Medical school task force recommends new ways to support female faculty

Media Credit: File Photo by Madeleine Cook | Senior Staff Photographer

Jean Johnson, the chair of the task force and a professor of nursing, said the task force began meeting last April and submitted 32 recommendations to medical school leadership.

Faculty in the medical school have dozens of ideas about improving working conditions for female professors.

A task force of faculty and officials in the School of Medicine and Health Sciences shared more than 30 recommendations for new ways to support women with medical school administrators last semester. The suggested policies included promoting opportunities for associate- and professor-level positions and requiring division and program directors to complete bias training, faculty said.

Jeffrey Akman, the dean of the School of Medicine and Health Sciences, said in an email to The Hatchet earlier this month that he launched the SMHS Task Force on Women Faculty last year and received recommendations from the task force “recently.”

“I would like to see any of the recommendations that are not completed during my tenure, be completed by my successor,” Akman, who announced his resignation Jan. 17, said.

Jean Johnson, the chair of the task force and a professor of nursing, said the task force began meeting last April and submitted 32 recommendations to medical school leadership.

“The purpose was to examine issues related to limiting women faculty from moving into senior leadership positions and professor-level appointments and make recommendations to strengthen support for women to be leaders and be promoted,” Johnson said in an email.

Fourteen women currently hold dean and associate dean positions in the medical school, compared to 10 men, according to the school’s leadership directory.

Johnson said the recommendations partly focused on promoting and offering tenure positions to women faculty. One suggestion dictates that all department chairs would meet with the school’s Appointments, Promotion and Tenure committee once a year to review promotion criteria and require all of the committee’s members, chairs, division directors and program directors to complete bias training, she said.

In the leadership category, the group recommended that the school start a group for women in medicine and science, while a third category focuses on retention of professors with “enhanced family-friendly” policies. One recommendation includes increasing the number and comfort of lactation spaces on campus, Johnson said.

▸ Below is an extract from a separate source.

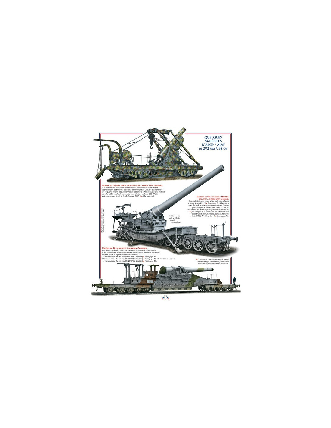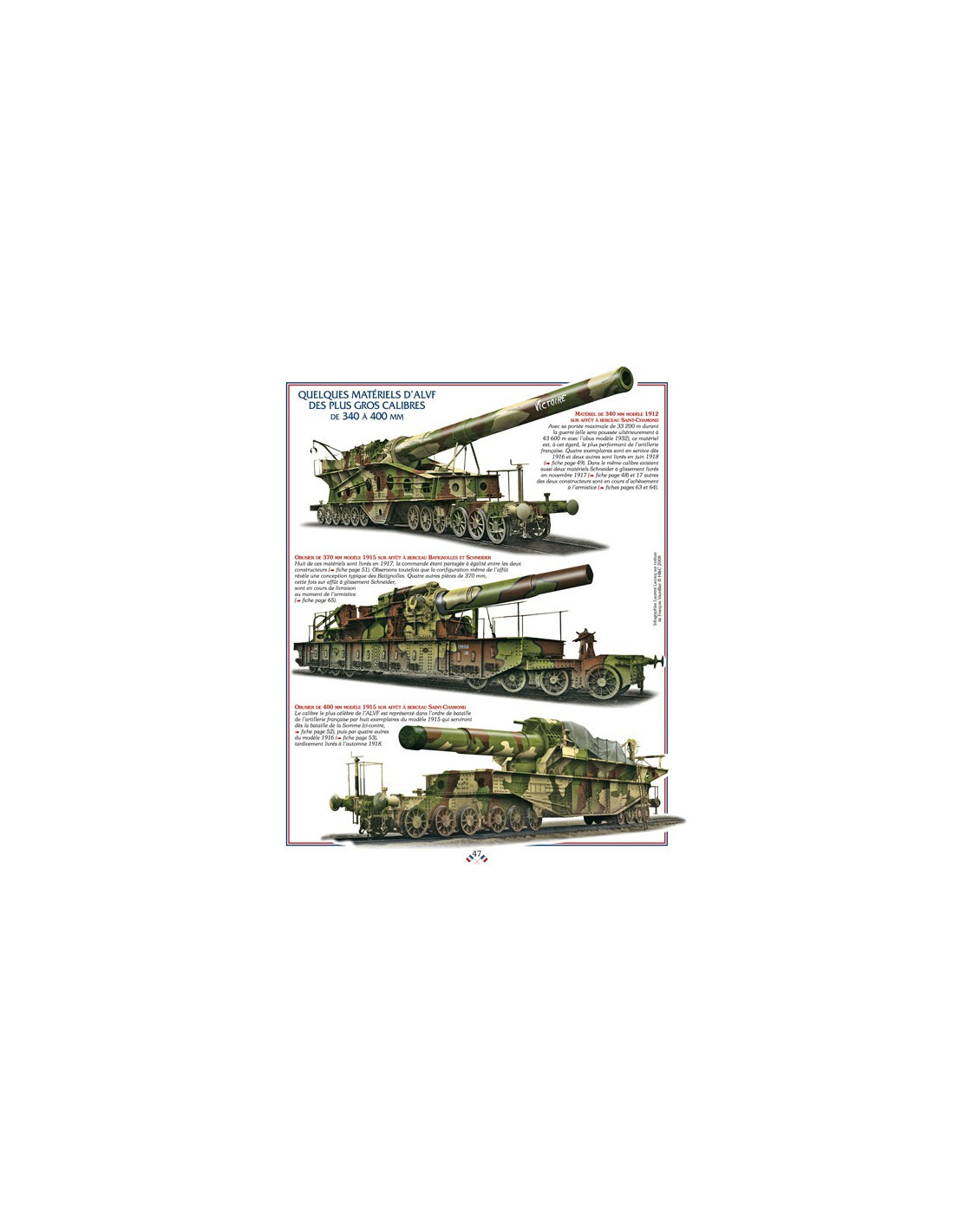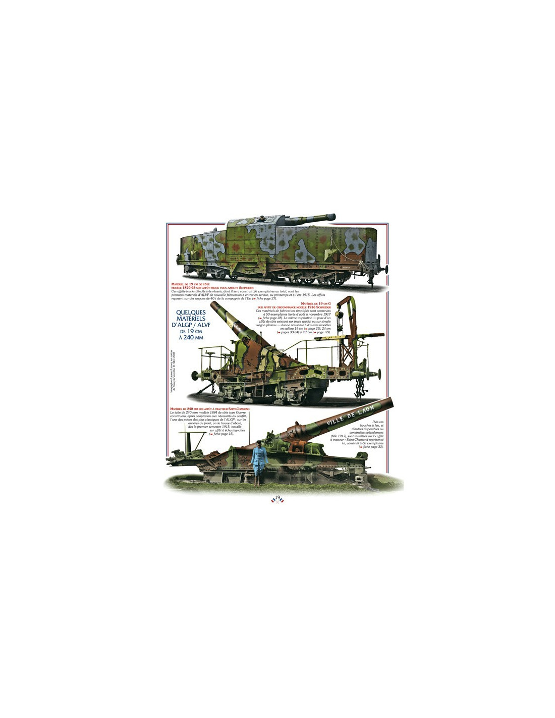 Mais dans cette course au gigantisme, la France a pris du retard, qu'elle va devoir combler à marche forcée. Les premières ressources en artillerie à grande puissance destinées à appuyer nos Poilus au fond des tranchées, sont fournies dès la fin de l'année 1914 par la marine qui met à terre, ou sur péniches et canonnières fluviales, des pièces de 100 mm, 14, 16, 19 et 24 cm. L'artillerie de côte fournit elle aussi des ressources analogues en bouches à feu, mais l'adaptation de ces pièces de bord et de côte à la guerre de position, sur terre, demande la mise au point d'affûts spéciaux, utilisant pour la majorité d'entre eux un support approprié : le rail. Ainsi naît une puissante artillerie lourde sur voie ferrée (ALVF), installée sur d'impressionnants affûts-trucks qui, au nombre de plusieurs centaines en 1918, seront les instruments d'un déluge d'acier. Ce petit volume très structuré passe en revue les quelques 49 matériels différents de ce genre, du modeste 95 mm de côte monté sur wagon blindé, jusqu'aux imposants matériels de 340, 370 et 400 mm, sans oublier le plus gigantesque de tous, l'obusier de 520 mm modèle 1916- 265 tonnes sur rail- dont!' obus pesait à lui seul plus de 1 600 kilos. 115 photographies et documents d'époque - 49 fiches techniques- 12 silhouettes en couleurs par Laurent Lecocq

She said the last category asks the medical school to be more transparent in releasing data about salaries and promotion.

The task force’s report was given to Akman in December, and the outgoing dean met with the task force on Jan. 4 to discuss implementing the recommendations, Johnson said. She said work has begun on “several” recommendations, like developing and implementing a mentoring program for women faculty.

Johnson added that she expects at least 90 percent of the recommendations to be implemented within the next two years. She said there are some “challenging” recommendations, like creating emergency child care and better family leave practices, because the changes will depend on University policy, not medical school policy.

“VP Akman is committed to moving the work forward before he steps out of the VP and dean position and have it continue with the next leader,” she said.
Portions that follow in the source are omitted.